Ad hoc is a Latin phrase meaning literally 'to this'. In English, it typically signifies a solution for a specific purpose, problem, or task rather than a generalized solution adaptable to collateral instances. (Compare with a priori.)

Common examples are ad hoc committees and commissions created at the national or international level for a specific task. In other fields, the term could refer to, for example, a military unit created under special circumstances (see task force), a handcrafted network protocol (e.g., ad hoc network), a temporary banding together of geographically-linked franchise locations (of a given national brand) to issue advertising coupons, or a purpose-specific equation.

Ad hoc can also be an adjective describing the temporary, provisional, or improvised methods to deal with a particular problem, the tendency of which has given rise to the noun adhocism.

Styling
Style guides disagree on whether Latin phrases like ad hoc should be italicized.
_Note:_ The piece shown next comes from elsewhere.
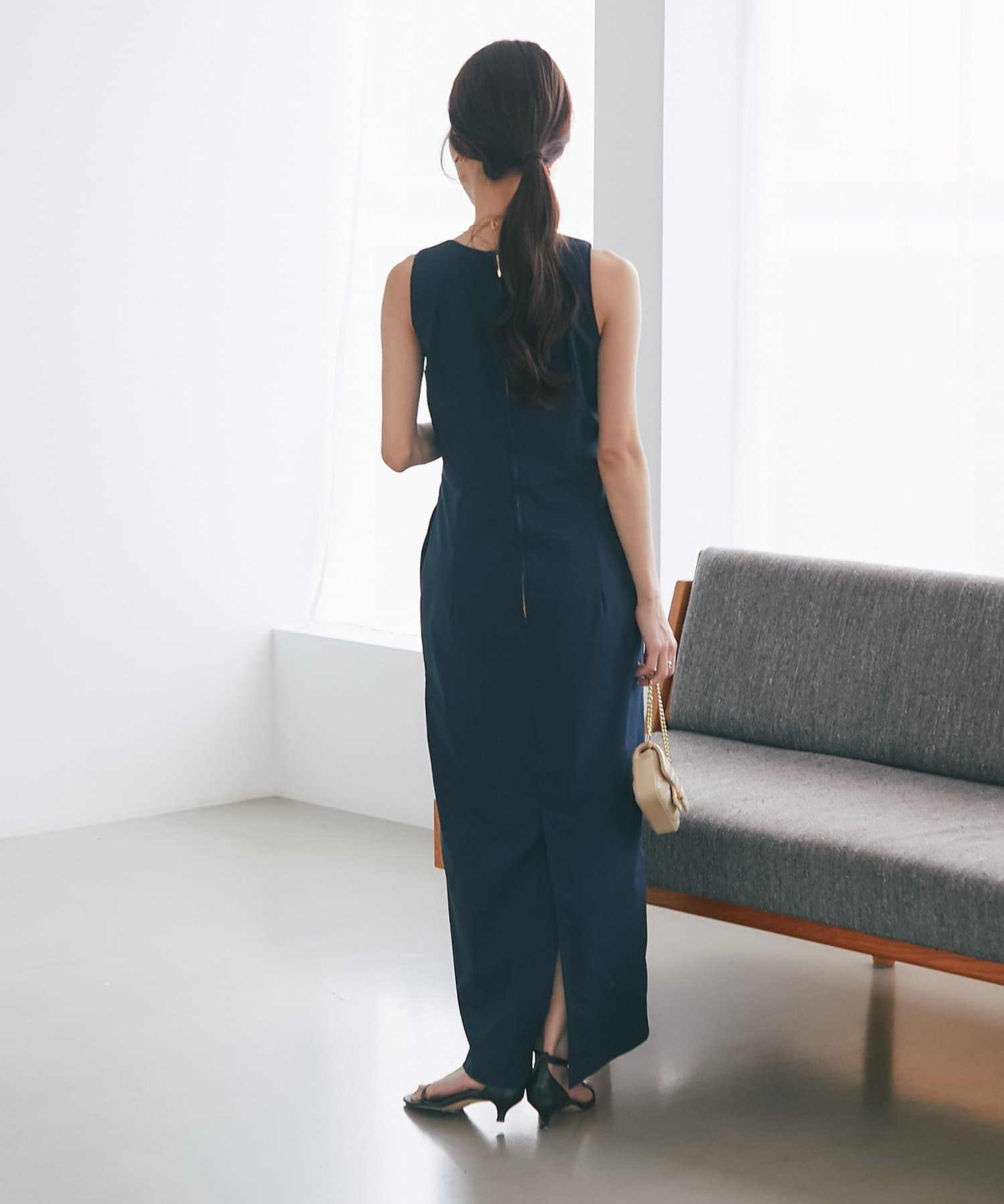 無駄を削ぎ落としたノースリーブのデザインが、すっきりとした印象を与えます。

The trend is not to use italics. For example, The Chicago Manual of Style recommends that familiar Latin phrases that are listed in the Webster's Dictionary, including "ad hoc", not be italicized.

Hypothesis

In science and philosophy, ad hoc means the addition of extraneous hypotheses to a theory to save it from being falsified. Ad hoc hypotheses compensate for anomalies not anticipated by the theory in its unmodified form.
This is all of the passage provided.